Chapter 4

Ariel

The scariest moment is always just before you start.

Stephen King

An agent and her best client becoming lovers is probably a literary cliché, but it was impossible not to fall in love with Charles Miller. He was kind and thoughtful, clever and sympathetic, as well as being the sexiest man alive. I was astonished that he was still single, although I knew, because I’d quizzed him, that he’d had a couple of longer-term relationships in the past. However, none had become serious enough for him to live with the women involved. My questions about his love life were entirely professional – at least that’s what I told myself – because I was trying to find interesting personal anecdotes that could be used for publicity.

The first time he came back to my apartment was after the Saxby-Brown and Xerxes teams had celebrated his Booker nomination in traditional fashion with champagne and cocktails at a trendy new Soho bar, and he was full of praise for me and all I’d done for him.

‘You’re my client,’ I told him as I handed him the coffee I’d invited him in for (with the purest of motives, honestly; he’d muttered about needing to sober up before going back to his hotel). ‘Of course I’ve done all I can for you.’

‘I might be a client to you, but you’re more than an agent to me.’ His voice was huskier than ever. ‘I mean it, Ariel. I . . . well . . . honestly, I don’t know how I’d manage without you.’

And then we were in each other’s arms and the coffee was forgotten as we stumbled to the bedroom and had hot, steamy sex with the curtains open and the lights of London cheering us on in the background.

It was as though a dam had burst. We couldn’t keep our hands off each other. Charles was still living in Dublin, but he came to London every second weekend. We had sex in every room of my apartment, in the Saxby-Brown offices (late one evening, when the staff had gone home) and in the various hotels we took off to around the country. We were mad for each other, and it was the best time of my life.

We managed to keep our relationship under wraps for longer than I expected, but were eventually outed when another agent and his wife stayed at the same hotel as us one weekend. By then, though, I didn’t care who knew. I was proud to be Charles’s agent and equally proud to be his lover.

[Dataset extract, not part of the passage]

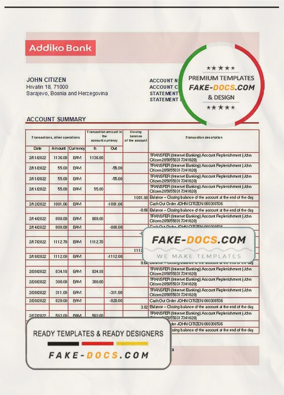 Grab now fully editable Bosnia and Herzegovina Addiko Bank Statement Excel Template from our website Fake Docs and put your own info to create Fake Bank Statement template Excel and ready your own novelty documents. It’ll be so beneficial if your Bank Statement is expired, stolen or not available. We also have passport psd template, ID Card psd template, Bank Statement psd template, drivers license psd template & Utility bill psd template

After that, when we were out together, we were the ultimate literary couple. I loved turning up to events with him, knowing I looked good, felt great and was well respected. I glowed from the inside out. My skin was dewy. And because I went to the gym every morning before work, my body was firm and lean.

I said all this, except for my body self-praise, one morning as we lay in bed together, exhausted from the publishing party we’d been to the night before and the great sex we’d had when we woke up.

‘You make it sound as though we’re a commercial arrangement.’ He frowned.

‘I’ve also just said I love you,’ I told him. ‘That’s hardly commercial.’

‘But you said it as though you were telling me to take an offer, not as though you really meant it.’

‘After what we’ve just done, you think I don’t mean it?’ I raised an eyebrow and then burrowed under the light summer duvet, where I began to kiss him slowly.

‘I . . .’ He wasn’t able to say anything else.

I’m even better at sex than at being an agent. After all, if a job’s worth doing, it’s worth doing well. One of my maternal granny’s favourite clichés and one that I actually live by.

When we’d both regained our breath, he propped himself up on one arm.

‘Move back to Dublin with me.’

I automatically glanced towards the full-length window, where I could see the Thames, busy with boats. I always considered the river to be the spine of the city, a proper working waterway, unlike Dublin’s Liffey, which was under-utilised by comparison.

‘I came to London to build my career,’ I reminded him as I turned to face him again. ‘Dublin’s far too small a pond for me to fish in.’

‘And yet you found me.’

‘You found me.’ I smiled.

‘We found each other,’ he amended. ‘And I don’t want to lose you. But we can’t go on like this, commuting back and forth, seeing each other so infrequently.’

‘We see each other twice a month But perhaps I could come to Dublin the other weekends,’ I suggested.

‘It’s still a peripatetic lifestyle, isn’t it?’

‘I wonder how many people use that word in actual day-to-day living,’ I murmured. ‘We travel back and forth because we want to.’